Accessories: Holga Lens Filters

Macro snail. Holga 120 CFN with macro filter and Fomapan Creative 200 film
Macro snail. Holga 120 CFN with macro filter and Fomapan Creative 200 film

The Holga is a sturdy brick of cast plastic. It doesn’t do interchangeable lenses, you’re stuck with the plastic lens it came with. That lens is beautiful, so why look for anything else? But every now and then it would be nice to get a bit closer with the Holga. A beautiful flower in close-up, a distant mountain a bit nearer. For these situations there are accessories for sale.

In my collection I have a set of close-up filters, a few macro filters, and a telephoto lens. Thus, my Holga is fit for all situations. In theory, that is. Those filters and lens are nice to play with, but it takes a lot of practice to actually get good pictures.

The telelens, for example, brings the image 1.5 times closer. The thing consists of a plastic case with dito lens that slides over the Holga´s lens. Make sure the camera is in the infinity (mountain) setting. A side effect of the telelens is extreme circular vignetting. It does have a certain something, but you should keep in mind that not everything you see through the viewfinder will be in the actual photo. More than ususally, make sure that the subject you want in focus is in the middle of the image.

The close-up and macro filters give a strong vignetting as well, but less than the telelens. They are much flatter filters, that you put on the front the lens (again with the camera on infinity). I am most fond of the close-up variations, which allows you to make photos at 50 cm, 25 cm and 12 cm, distance. Especially when using the smaller distances you should not depend too much on the viewfinder, because the lens is of course a few centimeters lower.

The macro filters allow a distance to your subject of 6 or 3 cm. In theory, these make for great extreme close-ups, but there are a few points of concern.

For example, at this distance – even more than when using the close-up filters – the viewfinder is completely useless. You will just have to look over the top of your camera and aim the lens at your subject. This takes some practice, and I have several pictures with just a bit of subject matter at the bottom of the picture to prove it.

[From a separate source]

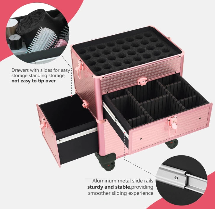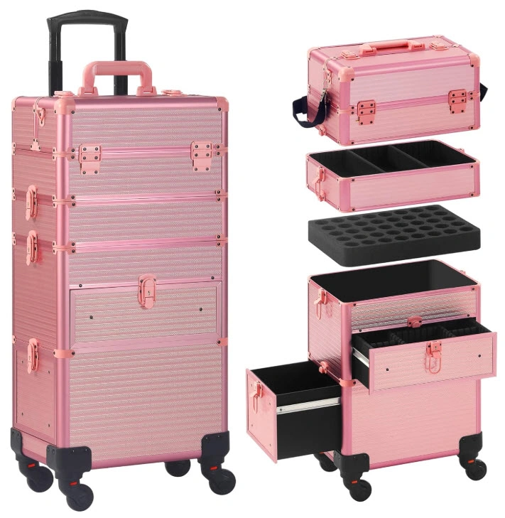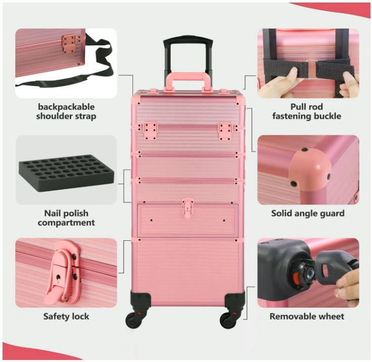 Large capacity rolling makeup case. Features multiple compartments, drawers, and a nail polish holder. Includes a shoulder strap and removable wheels. Durable aluminum construction.

Also, if you are this close to your subject, mind that it is not too dark. You can quickly block the light with your camera. You allready have an extra layer of plastic in front of the lens blocking light, so be sure to have enough iso, an extra lamp, or use the flash.

It is important for all filters to use the correct focus distance, because the depth of field is narrow. A measuring tape or ruler will probably come in handy. Or choose a subject with enough depth so that there is always something in focus.